Fernando Cayanan, Bon Appétit’s director of operations at The Getty Villa in Pacific Palisades, CA, is as skilled at balancing budgets as he is at balancing flavors. He started on the culinary side, first joining Bon Appétit in 2007 as a catering lead at The Getty Center in Los Angeles (both are owned by the Getty Foundation). Then, after a short stint elsewhere, he returned in 2012 as chef de cuisine for the Getty Villa. Over the last seven years, Fernando has grown in his role with increased management and operational responsibilities. As the head chef and operations manager for the Getty Villa, he oversaw both the daily front- and back-of-house operations of the restaurant — seasonal menu development, a busy catering operation, catering menus, staffing, training, and more. He was promoted to director of operations in 2019, expanding his role to include the Getty Center as well.
Born in the Philippines, Fernando moved with his family to Southern California when he was six. He became a chef because he truly enjoys the communal experience of coming together around the table. “Food is powerful,” he says, “Breaking bread brings people together, and when a dish truly works, it’s such a rewarding experience.” He loves the process behind bringing a dish to the table — from connecting with the farmers who grew the ingredients, to creating the flavors and the science of cooking, to serving the guests themselves.
This ability to see the bigger picture and understand the interconnectedness of the system is what makes Fernando so skilled in his dual role as chef and operations manager. Whether he’s overseeing a VIP gala dinner or setting up for café service, Fernando understands where every moving part is in relation to the whole.

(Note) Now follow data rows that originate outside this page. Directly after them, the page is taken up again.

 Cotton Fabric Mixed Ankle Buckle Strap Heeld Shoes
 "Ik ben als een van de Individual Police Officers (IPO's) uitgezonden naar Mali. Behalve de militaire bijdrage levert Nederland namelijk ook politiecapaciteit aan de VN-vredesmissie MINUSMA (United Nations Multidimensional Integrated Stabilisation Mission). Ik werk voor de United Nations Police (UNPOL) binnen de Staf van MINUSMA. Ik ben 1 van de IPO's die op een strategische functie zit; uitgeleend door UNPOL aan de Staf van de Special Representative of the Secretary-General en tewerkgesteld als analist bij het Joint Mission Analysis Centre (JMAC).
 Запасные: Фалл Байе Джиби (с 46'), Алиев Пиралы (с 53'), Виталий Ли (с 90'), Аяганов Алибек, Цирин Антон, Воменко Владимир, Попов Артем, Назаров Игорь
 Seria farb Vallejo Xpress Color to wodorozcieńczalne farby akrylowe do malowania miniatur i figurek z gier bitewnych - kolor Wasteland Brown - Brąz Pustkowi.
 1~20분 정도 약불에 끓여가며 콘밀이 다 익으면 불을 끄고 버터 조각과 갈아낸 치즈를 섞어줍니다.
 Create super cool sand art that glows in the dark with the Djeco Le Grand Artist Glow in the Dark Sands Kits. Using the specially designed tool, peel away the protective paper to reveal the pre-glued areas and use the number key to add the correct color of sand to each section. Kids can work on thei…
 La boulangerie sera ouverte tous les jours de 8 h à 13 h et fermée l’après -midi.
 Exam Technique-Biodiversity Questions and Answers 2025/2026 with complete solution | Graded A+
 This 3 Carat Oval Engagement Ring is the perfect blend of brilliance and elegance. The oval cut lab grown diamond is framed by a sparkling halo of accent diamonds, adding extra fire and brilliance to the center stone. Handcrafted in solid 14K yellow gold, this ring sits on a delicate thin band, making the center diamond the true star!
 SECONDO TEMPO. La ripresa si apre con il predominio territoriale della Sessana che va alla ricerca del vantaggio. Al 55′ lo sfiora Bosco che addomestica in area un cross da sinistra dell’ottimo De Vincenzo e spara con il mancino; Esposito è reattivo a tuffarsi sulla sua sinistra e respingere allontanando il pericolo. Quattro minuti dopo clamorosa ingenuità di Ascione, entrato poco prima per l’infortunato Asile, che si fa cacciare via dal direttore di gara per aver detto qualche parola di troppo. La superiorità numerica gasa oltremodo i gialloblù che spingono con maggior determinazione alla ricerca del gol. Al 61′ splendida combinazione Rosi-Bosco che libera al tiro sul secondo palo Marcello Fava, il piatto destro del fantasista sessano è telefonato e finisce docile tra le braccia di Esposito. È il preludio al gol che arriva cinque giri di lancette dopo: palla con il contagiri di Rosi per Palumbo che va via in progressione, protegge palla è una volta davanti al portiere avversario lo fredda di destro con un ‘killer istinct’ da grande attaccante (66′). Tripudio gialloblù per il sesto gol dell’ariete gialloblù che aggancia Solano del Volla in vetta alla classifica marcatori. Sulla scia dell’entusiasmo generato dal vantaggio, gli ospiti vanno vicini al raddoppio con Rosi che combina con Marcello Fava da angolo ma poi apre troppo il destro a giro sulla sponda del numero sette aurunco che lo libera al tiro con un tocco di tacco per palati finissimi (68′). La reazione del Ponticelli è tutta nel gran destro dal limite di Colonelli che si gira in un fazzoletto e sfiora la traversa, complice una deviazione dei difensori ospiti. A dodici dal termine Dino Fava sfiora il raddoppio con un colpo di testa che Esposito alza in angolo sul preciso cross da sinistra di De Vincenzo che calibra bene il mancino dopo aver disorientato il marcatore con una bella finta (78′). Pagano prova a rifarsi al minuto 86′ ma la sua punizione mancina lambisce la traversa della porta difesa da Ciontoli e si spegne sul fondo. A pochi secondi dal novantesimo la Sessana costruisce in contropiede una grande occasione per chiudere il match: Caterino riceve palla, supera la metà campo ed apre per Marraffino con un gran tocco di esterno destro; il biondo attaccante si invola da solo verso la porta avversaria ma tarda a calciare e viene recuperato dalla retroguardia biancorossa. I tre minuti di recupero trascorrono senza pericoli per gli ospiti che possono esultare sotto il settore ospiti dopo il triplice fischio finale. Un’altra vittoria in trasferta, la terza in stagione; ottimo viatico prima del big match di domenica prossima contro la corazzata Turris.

“Fernando is constant: he’s the person you rely on to always uphold Bon Appétit’s standards while also keeping the client’s culture top of mind, and he blends them seamlessly,” said Regional Vice President Lori Flashner. “He never compromises those values. He is the first to raise his hand to support the management team, and instills his passion for sustainability in his staff. He’s the embodiment of the Bon Appétit spirit.”